Simply over a decade in the past, Kacey Musgraves emerged as a pristine untouched tone in nation track – a mid-tempo storyteller with an improbable acuity each in her lyrics and in her instrumentation, understanding simply when to select up the harmonica, whistle a song or split out the vocoder.
Within the years and award-winning albums since, she’s confirmed herself to be malleable: weaving disco-pop into her narratives the place becoming (maximum memorably on “High Horse” from 2018’s “Golden Hour,” the love-forward shed that earned her novel of the week on the 2019 Grammys ), recording in Spanish ( “Gracias a la Vida” from 2021’s official separation file, “star-crossed” ), and maximum not too long ago, recording a trait with Zach Bryan, which has develop into her first Refuse. 1 crash (the sentimental “I Be mindful The whole thing,” one of AP’s picks for best of 2023.) In 2024, it has led to “Deeper Well,” a muted folk record with a warm kind of profundity.
The album opens with the ’60s folk-inspired “Cardinal,” a similar tone to its closer, “Nothing to be Scared Of” – acoustic guitars and Musgraves’ open-hearted narratives delivered through her glassy vocal delivery. Much of the album follows the format, but with quite a few surprises.
Those looking for capital-C country through Musgraves’ matured folk filter could skip to “The Architect,” a masterful acoustic rumination on a higher power. “Sometimes I look in the mirror and wish I could make a request/Could I pray it away? Am I shapeable clay?

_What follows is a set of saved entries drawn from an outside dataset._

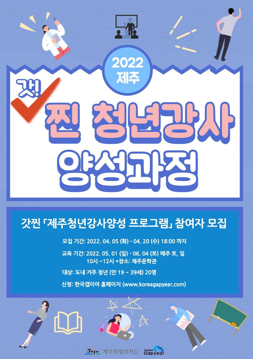 제주특별자치도와 한국갭이어가 <2022 갓!찐! 제주청년강사 양성프로그램>으로 뭉쳤습니다!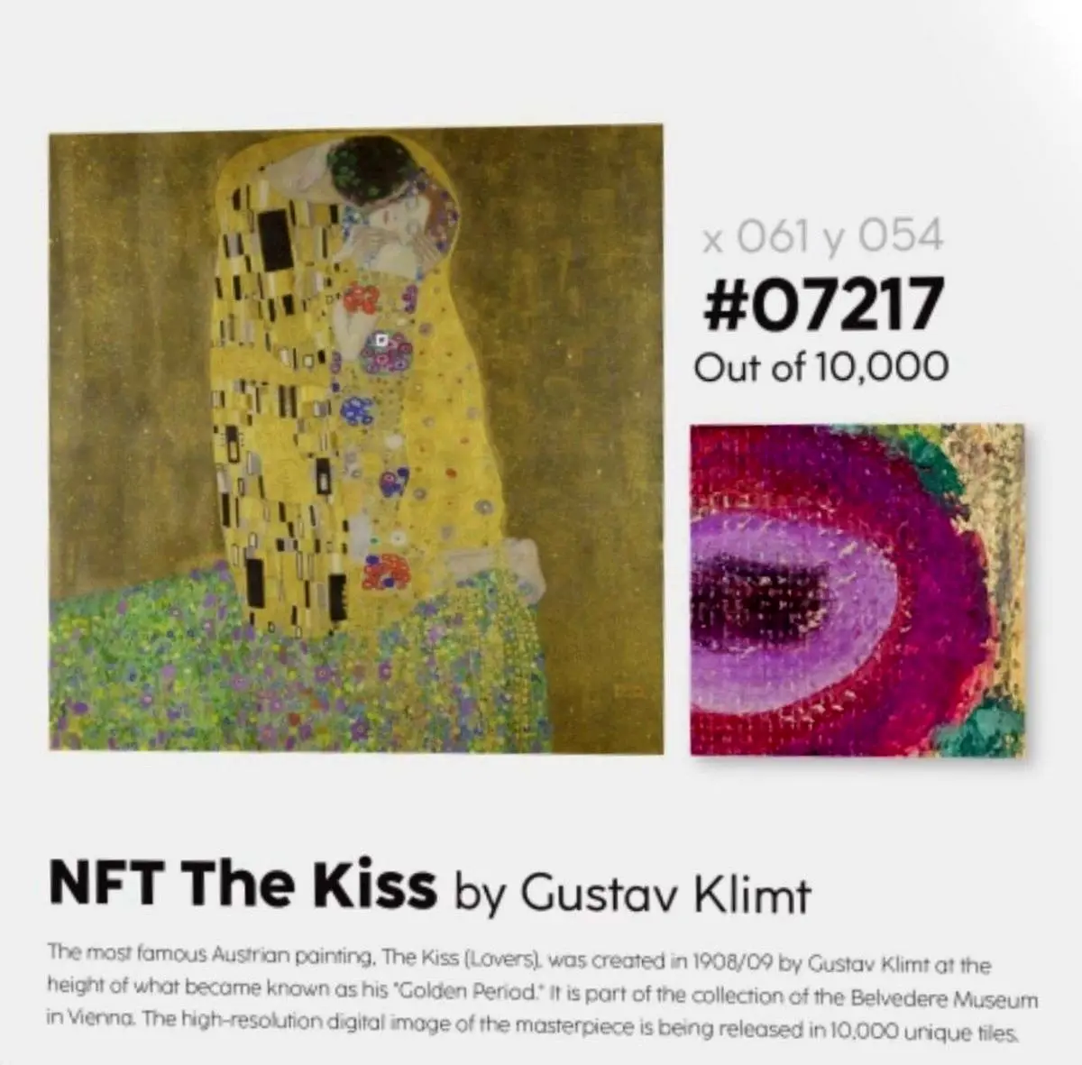 موزه Belvedere اتریش و شرکت arteQ برای اولین بار اثر زیبای ‘بوسه’، شاهکار هنرمند اتریشی، ‘گوستاو کلیمت’ را بصورت NFT در ۱۰،۰۰۰ قطعه به دنیای بلاکچین و متاورس معرفی میکنند.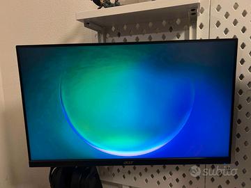 Monitor Acer Nitro VG240Y da 23,8" con pannello IPS Full HD (1920×1080) e frequenza di aggiornamento fino a 100 Hz. Dotato di altoparlanti integrati (2×2 W), tecnologia AMD FreeSync per fluidità in gioco e riduzione del tearing. Connessioni: HDMI 1.4 e ingresso VGA, montaggio VESA 100×100 per supporto a parete o braccio. Tempo di risposta 1 ms (VRB), angolo di visione 178° H / 178° V, luminosità 250 cd/m² circa. Ha un graffio sull'angolo in alto a destra. Per il resto perfettamente funzionante. Venduto con scatola e accessori originali.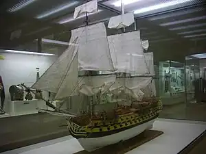 On 2 May 1780,[1] she departed Brest with a 7-ship and 3-frigate Expédition Particulière under Admiral Ternay, escorting 36 transports carrying troops to support the Continental Army in the War of American Independence. The squadron comprised the 80-gun Duc de Bourgogne, under Ternay d'Arsac (admiral) and Médine (flag captain); the 74-gun Neptune, under Sochet Des Touches, and Conquérant, under La Grandière; and the 64-gun Provence under Lombard, Ardent under Bernard de Marigny, Jason under La Clocheterie and Éveillé under Le Gardeur de Tilly, and the frigates Surveillante under Villeneuve Cillart, Amazone under La Pérouse, and Bellone.[2] Amazone, which constituted the vanguard of the fleet, arrived at Boston on 11 June 1780.[3]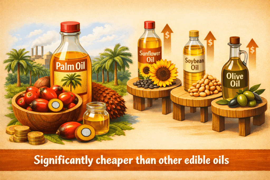 Palm oil’s dominance is rooted in economics. India imports millions of tonnes annually, mostly from Indonesia and Malaysia, where vast plantations churn out oil at rock-bottom prices. For food companies, it offers several irresistible advantages.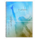 Bloc-notes pour volley-ball féminin sportif avec une scène conceptuelle d'un jeu de volley-ball à la plage, avec le texte personnalisé qui dit : "sable, surf et ciel ... et volleyball" - les graphismes mélangés de volleyball comprennent un volleyball et un volleyball féminin silhouetté sautant à un filet de volleyball superposé sur un arrière - plan en dégradé de couleur turquoise, blanche et brune clair qui représente un ciel bleu clair, le surf océanique et une plage de sable - personnaliser avec son monogramme et son nom - par katz_d_zynes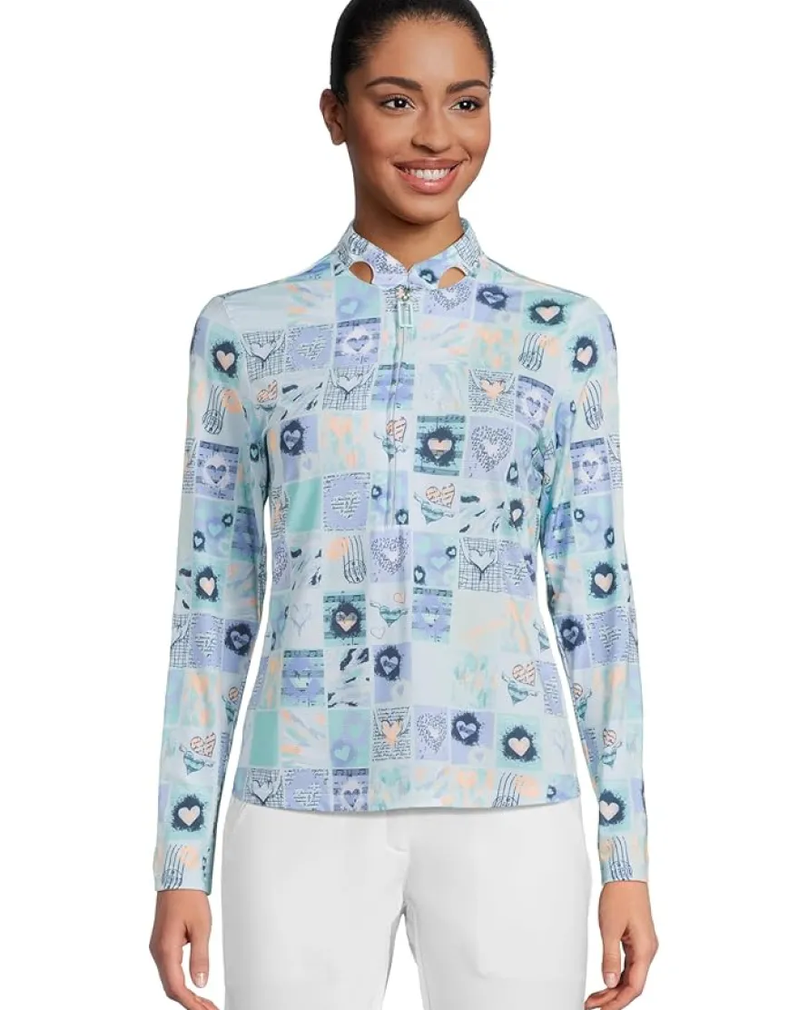 - Step outdoors in style and full sun protection wearing Jamie Sadock® Sunsense Hearts Print Long Sleeve 1/4 Zip Sun Protection Top. Crafted with Proprietary Microdenier Sunsense Fabric offering SP50+ protection and aeration, ventilation system under the forearm, this pull-on style top keeps you cool while you are active. It features a mock neck with a quarter-zipper closure, long sleeves, and all-over printed details.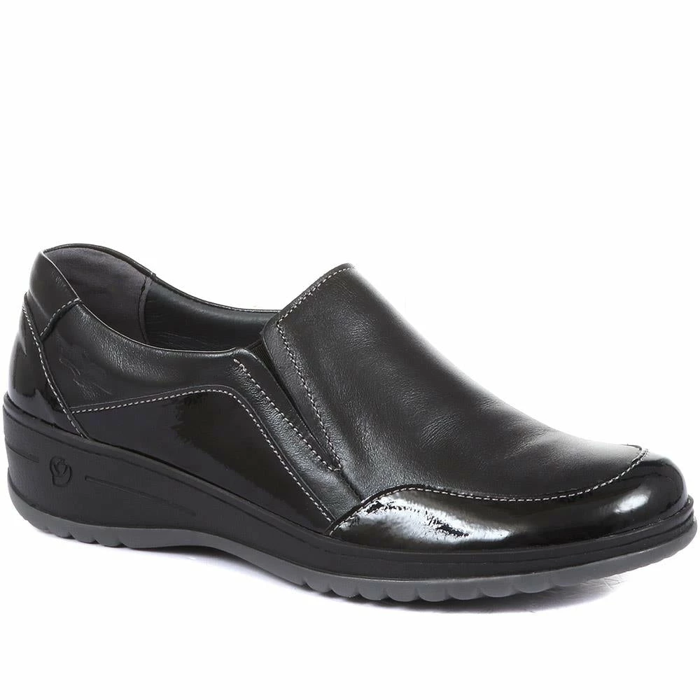 SKU: fly-flot-6614757081227 Categories: Casual, Formal & Dressy, Shoes, Slip On, Wide Fit, Women's Tags: Heel type:wedge heel, Material:leather, Occasion:day wear, Occasion:smart, Style_trouser shoe, Type:shoes, Upper_leather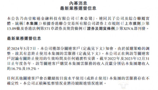 5月7日,金融壹账通再次发布公告称,部分关连客户因采购策略调整,计划于2024年5月7日起终止使用其云服务。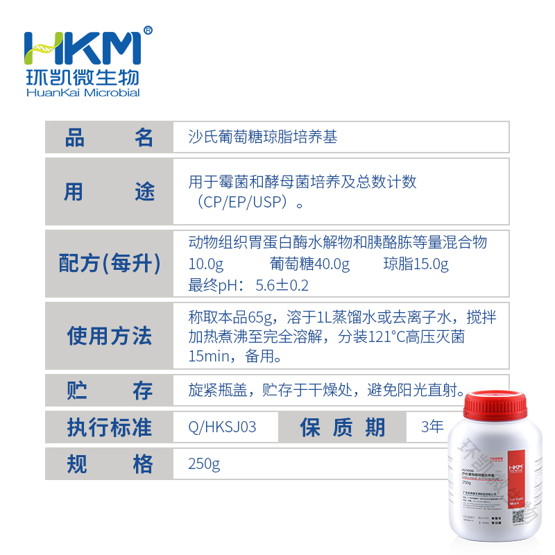 021099 沙氏葡萄糖琼脂培养基(20版药典)250g 环凯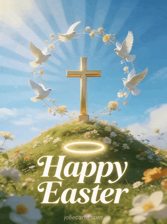 Celebrate the joy of Easter with this luminous religious card featuring a golden cross surrounded by white doves on a spring hillside. You may also enjoy a religious happy Easter greeting.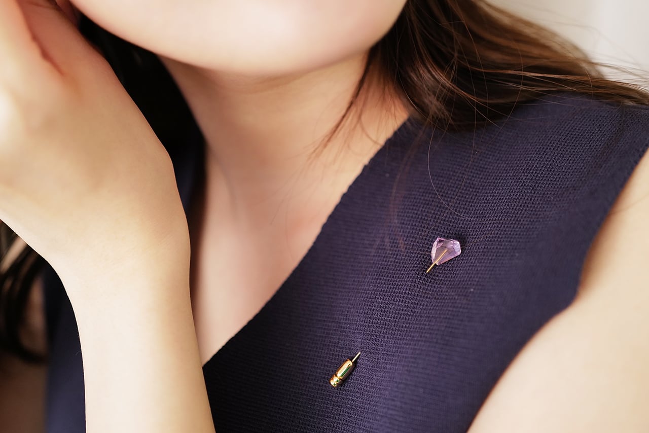ひとつとして同じカットが存在しない、天然石をつぼみに見立てたピンブローチ。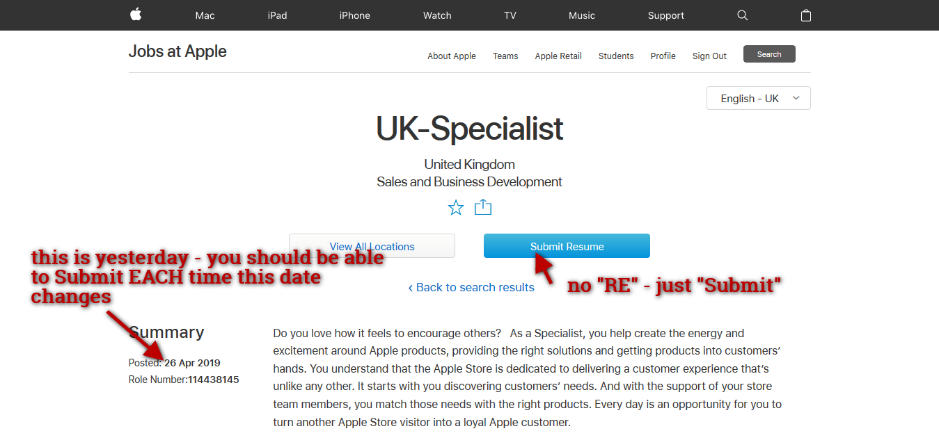You can only apply for jobs on Apple if you sign in with your Apple ID, so when I sign in it automatically changes to "Resubmit" as I have applied for the role of Specialist in the past. The role does not change each day, only the date changes, it is the same role but with a different date so I don't think that is relevant to the issue unfortunately. I have tried with both Chrome and Safari browsers and also on both Mac and Windows platforms.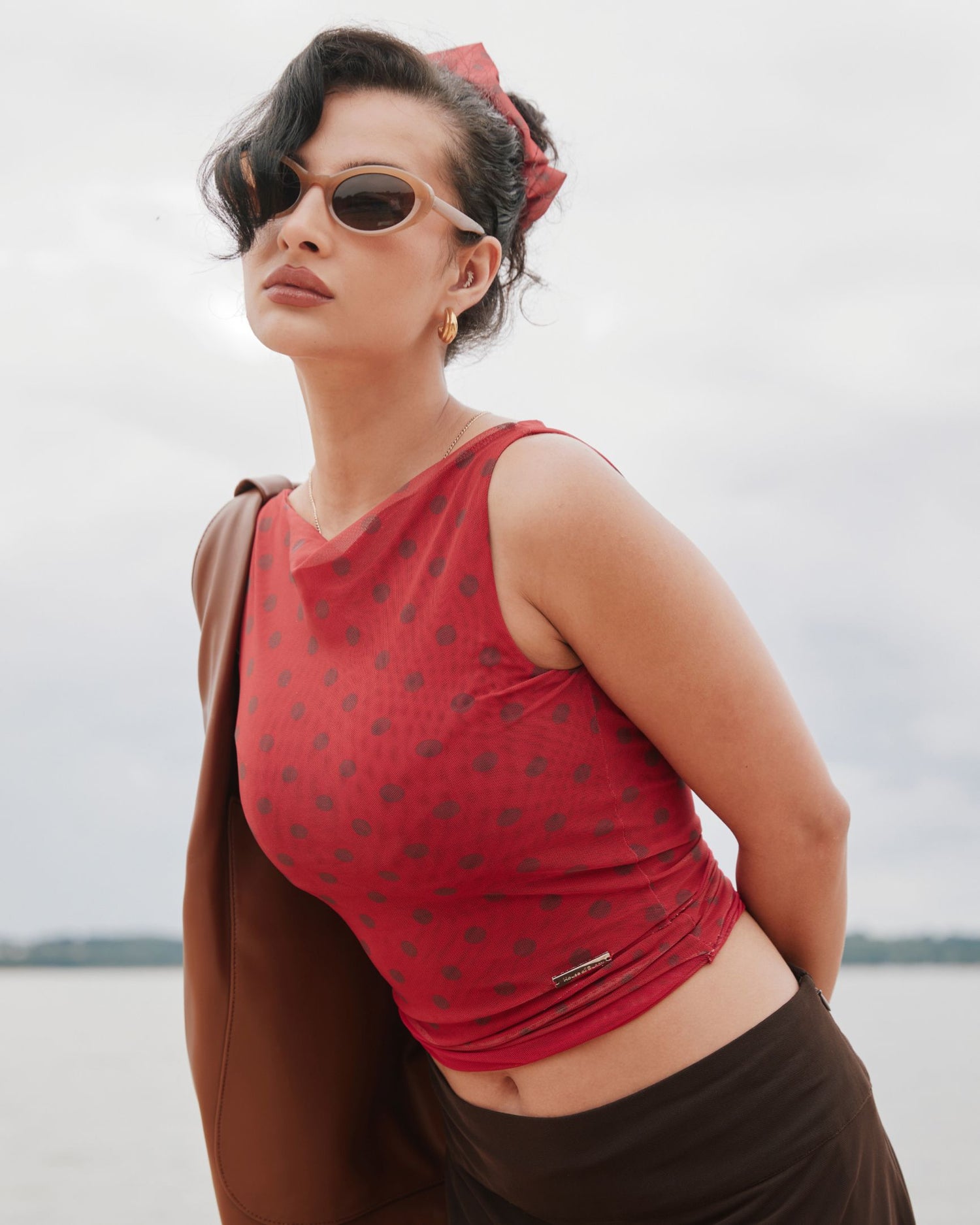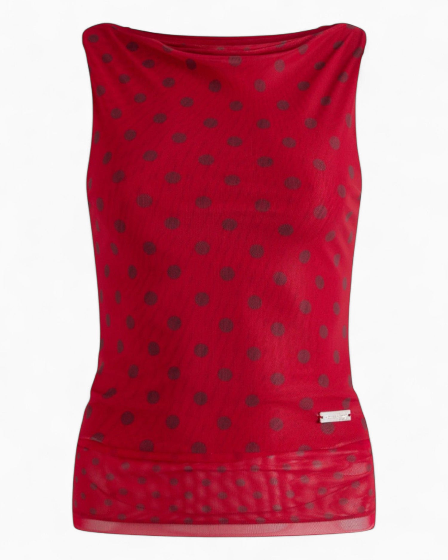 Double Layer Polka Dot Mesh Women's Topis designed for those who want to showcase a modern, sophisticated style. Crafted from sheer polka dot mesh and featuring a double-layered construction, it combines elegance with comfort. Its refined details and slim fit add a polished touch to any outfit.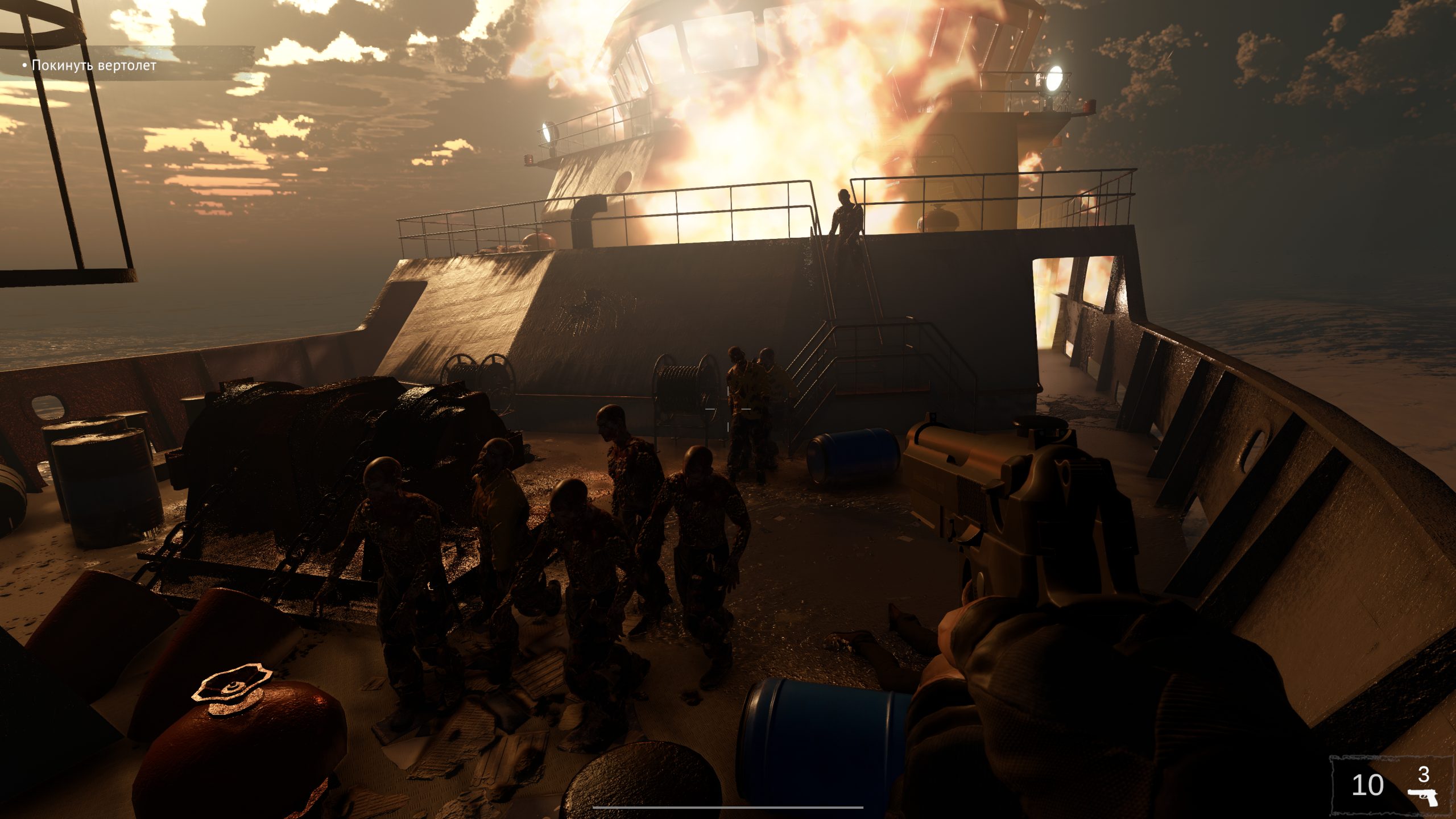 С первых минут становится ясно, сто с Beneath что-то не так. Герой медленно и монотонно бредет по морскому дну, общаясь с дочерью по связи. Потом нечто странное происходит на поверхности, и протагонист начинает также медленно и скучно идти назад. После подъема его батискафа на корабль мы наблюдаем трупы и свидетельства какого-то внезапного нападения. А через пару минут трупы поднимаются, превращаются в зомби и пытаются нас сожрать. В этот момент прилетает вертолет, начинает поливать все огнем из пулеметов, но его хватает щупальце и уволакивает под воду. Такое описание в целом звучит неплохо и интригующе, но все выполнено достаточно криво — от движений до сюжетных сцен и простых декораций.
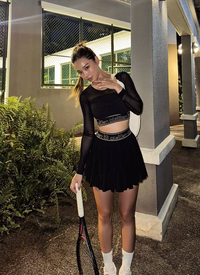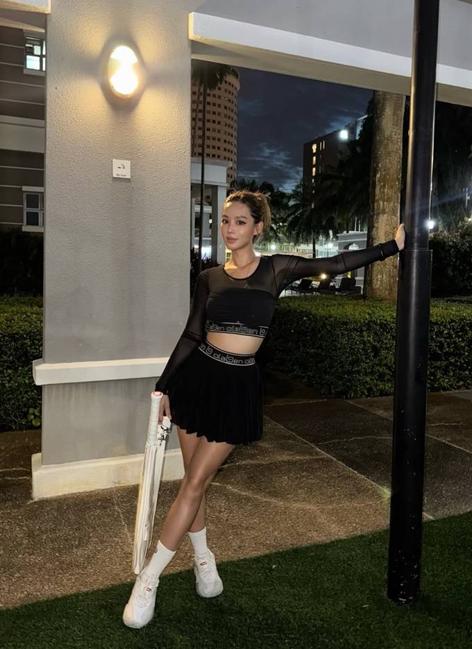 김희정, 테니스룩이 너무 섹시! 은은한 시스루 블랙 톱 테니스 애슬레저룩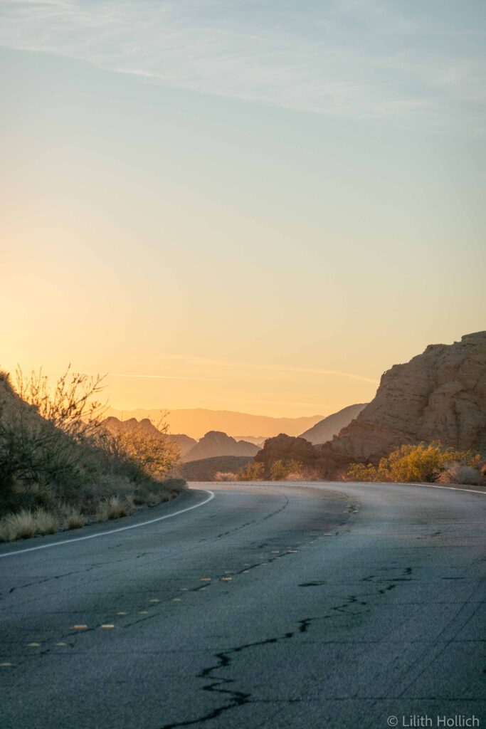 Thankfully, the next day the track got better faster than expected and we were back on smooth-rolling gravel and pavement. We saw more and more different cacti and found lots of stuff next to the road, a broken iPod classic and cassettes among other things. One last night of wild camping outside of Las Vegas, before we cycled into the city of superlatives. The weather was incredible and we waited until we found a place in the shade until we stopped for lunch. Las Vegas had way more cycling lanes than expected, but at the same time a lot of road works and the dreaded city cycling was nearly as exhausting as feared. At some point, a car slows down when approaching us and the driver waved enthusiastically at us. It took us a moment to recognize the person – it was Tristan, in a rental car! The Canadian cyclist we had last seen when we were all hiding from the thunderstorms at a visitor center. So funny. Obviously amused to be on the other side of things for the day, he asked us if we needed some water or snacks.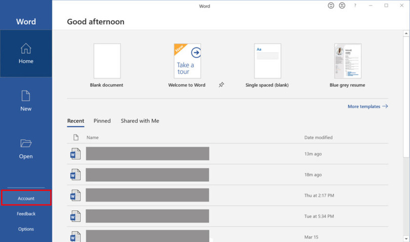 2. Chọn Account (Tài khoản) ở menu bên trái. Nếu bạn đang ở trong một tài liệu, nhấp vào File ở phía trên cùng rồi cuộn xuống mục Account ở trang tiếp theo.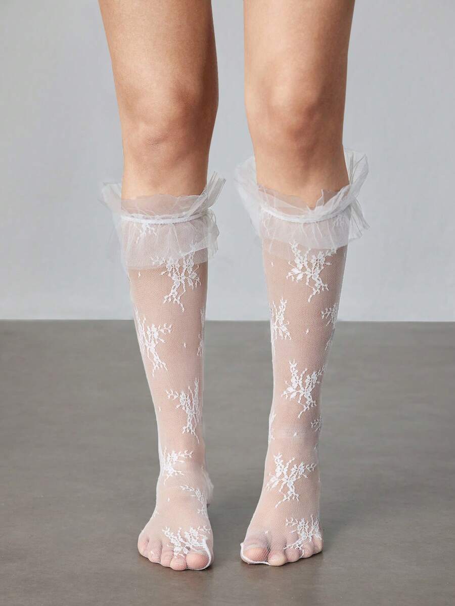 Kawaii 1 Pair Cute White Mesh Floral Lace Mid-Calf Socks, Sheer Floral Vine Pattern Socks, Versatile College Style For Women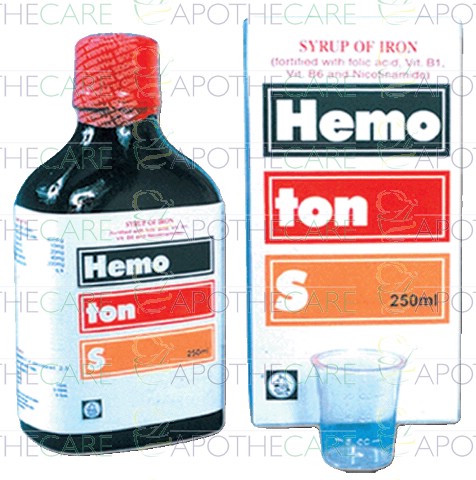 Product Name: HEMOTON-S Syp 250mlProduct Form: SyrupPack Size: 250mlMarketed By: INDUS PHARMA (PVT) LTDGeneric Category: Iron supplementsIngredients: Each 5ml contain: Nicotinamide 10mg, Thiamine HCL 1mg, Folic Acid 0.5mg, Pyridoxine 2mg, Ferric Ammonium Citrate 45mg

Or is this as good as it gets?,” she asks.
On “Anime Eyes,” Musgraves describes a “Miyazaki sky” and talk-sings her way through a kaleidoscopic, psychedelic detour. “Lonely Millionaire” is a surprising near-reimagination of Atlanta rapper JID’s “Kody Blu 31.” Seriously: he received a songwriting credit for the song, she does not rap, and it’s a weeper.
For lovers following Musgraves’ occupation for the reason that very starting, “Deeper Well” is a famous evolution from “Follow Your Arrow,” the celebratory country-as-heck LGBT+ anthem from her 2013 debut novel “Same Trailer Different Park.” But the spirit is the same: Musgraves has long pushed the boundaries of her formative genre – whether its touring with Willie Nelson and Katy Perry – or when she made sure her co-writers Brandy Clark and Shane McAnally took the stage when she won the Country Music Awards Song of the Year Award in 2014 for her first hit; it was the first time two openly gay people stood on the CMA stage for an award. That she chooses to move her needle, here, in a softer direction feels fitting.
Sometimes, that means hyper-specific language of the current moment, like in the fingerpicking title track “Deeper Well.” “My Saturn has returned/when I turned 27,” she sings, referencing the widespread astrological conceit that still seems on Ariana Grande’s original novel, “eternal sunshine.” “Everything started to change/Took a long time, but I learned.” There’s some other series, “You’ve got dark energy,” that feels extra like a textual content message than an efficient lyric — and runs the danger of courting itself the year the listener hears it — however that, too, is usually a device. Right here, Musgraves is fascinated by one of those existential bloodletting, revealing the depths of her ideas about love and loss of life trickle out in gorgeous-sounding songs with candy melodies.
Like within the standout “Dinner with Friends,” her tear-jerkin’ reaction to “The Sound of Music” vintage “My Favorite Things,” by which Musgraves, atop piano and acoustic guitar, sings about the entire issues she loves — and can omit — “from the other side” of age.
“My home state of Texas/The sky there, the horses and dogs,” she sings, “Intimate convos that go way into the night/The way that sun on my floor makes a pattern of light.”
As a complete, “Deeper Well” is a soft-pedaled album, but also one that celebrates her humanity. It’s a nice change of pace — arguably the best kind — one with some familiarity.